START Dataset records

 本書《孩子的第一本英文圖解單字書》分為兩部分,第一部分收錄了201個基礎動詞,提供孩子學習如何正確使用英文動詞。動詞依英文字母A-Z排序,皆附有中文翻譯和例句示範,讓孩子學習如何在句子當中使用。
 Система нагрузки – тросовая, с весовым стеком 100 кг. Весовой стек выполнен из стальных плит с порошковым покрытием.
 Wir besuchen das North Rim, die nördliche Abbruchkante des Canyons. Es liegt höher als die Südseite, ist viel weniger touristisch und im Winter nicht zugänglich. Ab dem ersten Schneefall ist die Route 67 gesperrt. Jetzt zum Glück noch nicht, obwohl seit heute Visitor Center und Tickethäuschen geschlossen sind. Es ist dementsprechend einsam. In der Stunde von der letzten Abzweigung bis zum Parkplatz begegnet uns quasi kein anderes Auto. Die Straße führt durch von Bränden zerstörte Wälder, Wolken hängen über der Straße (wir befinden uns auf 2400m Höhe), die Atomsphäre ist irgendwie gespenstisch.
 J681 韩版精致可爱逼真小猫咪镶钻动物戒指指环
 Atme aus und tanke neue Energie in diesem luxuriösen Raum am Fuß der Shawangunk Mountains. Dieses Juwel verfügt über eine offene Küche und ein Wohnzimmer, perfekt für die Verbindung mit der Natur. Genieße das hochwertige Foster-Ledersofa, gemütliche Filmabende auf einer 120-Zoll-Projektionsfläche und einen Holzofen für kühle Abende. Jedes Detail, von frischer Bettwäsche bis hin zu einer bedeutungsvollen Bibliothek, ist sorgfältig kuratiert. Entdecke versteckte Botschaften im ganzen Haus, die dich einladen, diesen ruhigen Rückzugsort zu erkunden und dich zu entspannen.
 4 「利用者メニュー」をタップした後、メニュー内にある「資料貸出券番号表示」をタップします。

END Dataset records
START Dataset records

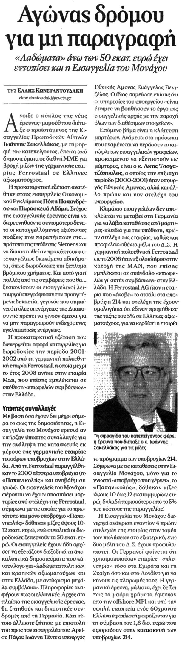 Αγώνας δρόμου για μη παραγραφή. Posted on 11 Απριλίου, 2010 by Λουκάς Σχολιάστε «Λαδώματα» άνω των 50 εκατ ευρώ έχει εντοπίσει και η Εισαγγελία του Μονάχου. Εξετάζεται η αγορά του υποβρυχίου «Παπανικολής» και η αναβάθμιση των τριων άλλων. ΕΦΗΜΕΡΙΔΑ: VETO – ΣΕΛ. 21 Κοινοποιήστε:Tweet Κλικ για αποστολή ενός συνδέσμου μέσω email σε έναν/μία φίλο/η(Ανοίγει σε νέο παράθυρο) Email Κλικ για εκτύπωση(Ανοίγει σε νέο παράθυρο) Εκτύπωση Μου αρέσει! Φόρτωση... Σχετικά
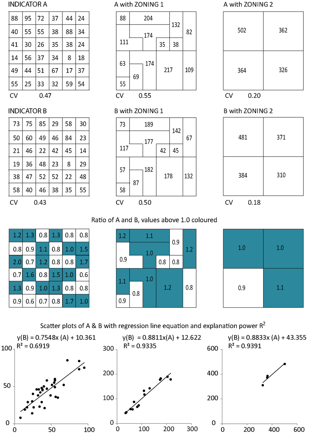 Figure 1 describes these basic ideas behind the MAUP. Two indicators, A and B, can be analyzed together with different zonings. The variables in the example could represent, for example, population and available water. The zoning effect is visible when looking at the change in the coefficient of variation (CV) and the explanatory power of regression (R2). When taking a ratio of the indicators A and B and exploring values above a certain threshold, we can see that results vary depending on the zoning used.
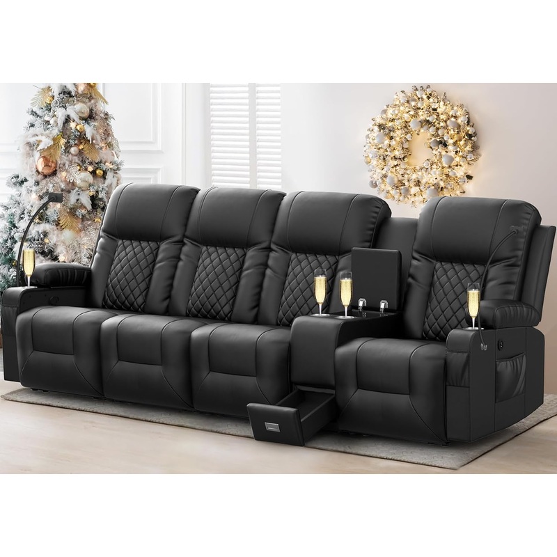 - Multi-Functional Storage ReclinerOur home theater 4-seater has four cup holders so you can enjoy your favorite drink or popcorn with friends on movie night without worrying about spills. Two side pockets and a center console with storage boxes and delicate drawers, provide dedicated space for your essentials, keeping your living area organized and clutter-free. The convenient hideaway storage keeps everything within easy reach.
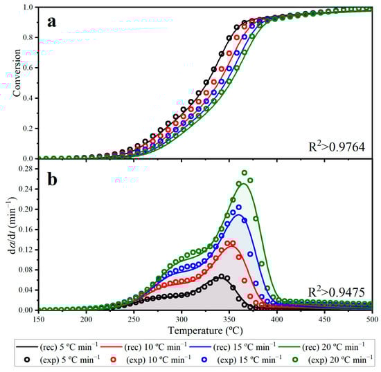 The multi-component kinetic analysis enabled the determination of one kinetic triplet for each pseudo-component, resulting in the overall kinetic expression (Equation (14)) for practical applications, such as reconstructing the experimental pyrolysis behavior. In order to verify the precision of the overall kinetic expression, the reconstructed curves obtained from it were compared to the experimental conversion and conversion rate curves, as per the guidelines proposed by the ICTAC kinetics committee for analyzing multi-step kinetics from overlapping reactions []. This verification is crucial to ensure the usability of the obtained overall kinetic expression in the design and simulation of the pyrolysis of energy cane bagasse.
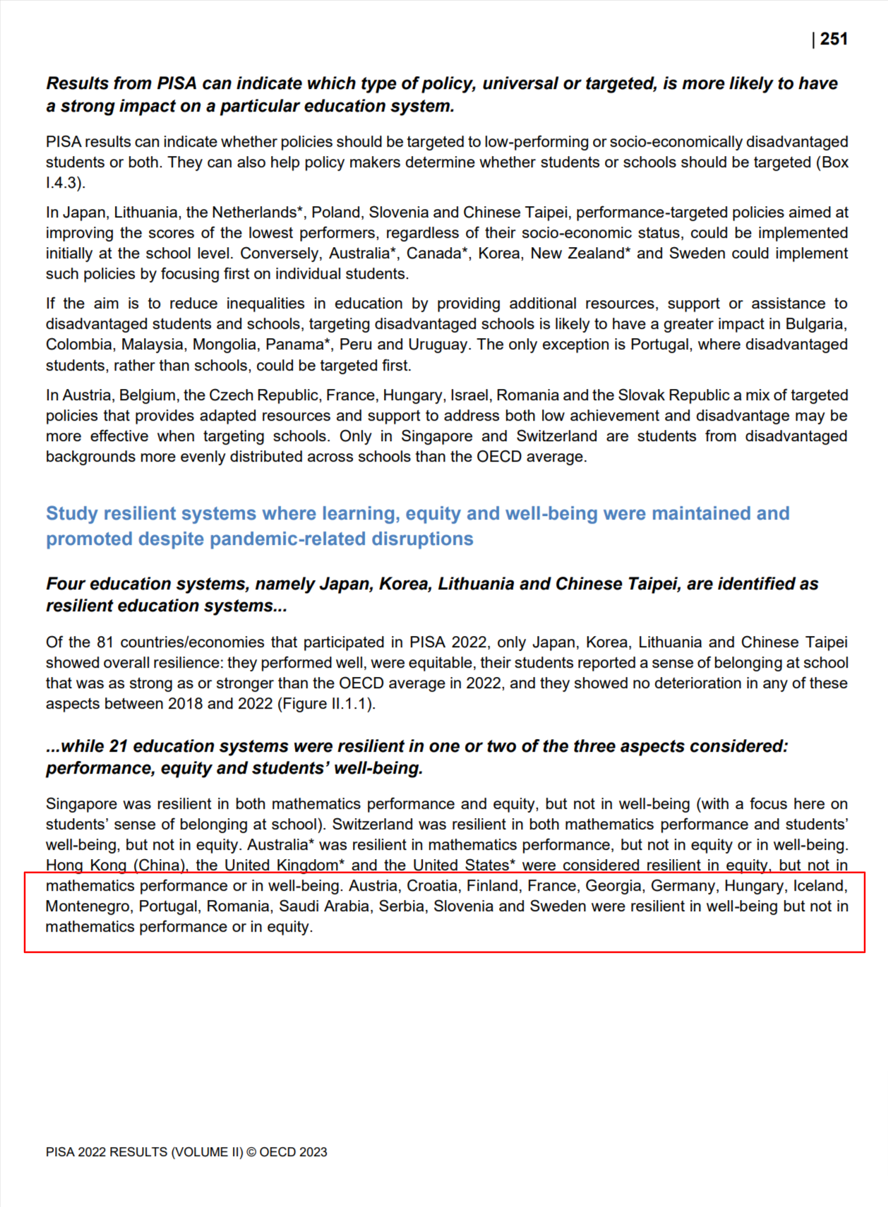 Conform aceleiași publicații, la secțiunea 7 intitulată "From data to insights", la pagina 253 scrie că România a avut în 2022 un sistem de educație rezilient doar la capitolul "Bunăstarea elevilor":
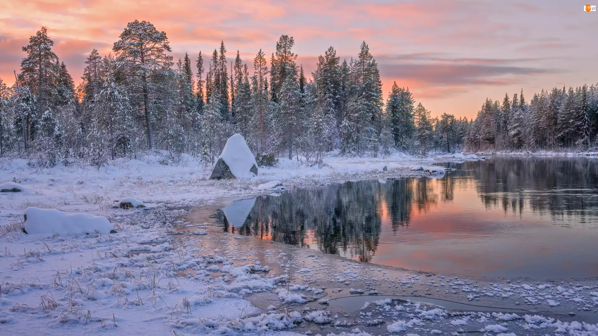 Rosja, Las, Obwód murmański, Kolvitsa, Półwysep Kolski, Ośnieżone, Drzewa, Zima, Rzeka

END Dataset records

Give back exactly the lines above starting at the line where "Wir besuchen das" appears and ending at the line where "J681 韩版精致可爱逼真小猫咪镶钻动物戒指指环" appears, both included, with no other lines.

Task answer:
 Wir besuchen das North Rim, die nördliche Abbruchkante des Canyons. Es liegt höher als die Südseite, ist viel weniger touristisch und im Winter nicht zugänglich. Ab dem ersten Schneefall ist die Route 67 gesperrt. Jetzt zum Glück noch nicht, obwohl seit heute Visitor Center und Tickethäuschen geschlossen sind. Es ist dementsprechend einsam. In der Stunde von der letzten Abzweigung bis zum Parkplatz begegnet uns quasi kein anderes Auto. Die Straße führt durch von Bränden zerstörte Wälder, Wolken hängen über der Straße (wir befinden uns auf 2400m Höhe), die Atomsphäre ist irgendwie gespenstisch.
 J681 韩版精致可爱逼真小猫咪镶钻动物戒指指环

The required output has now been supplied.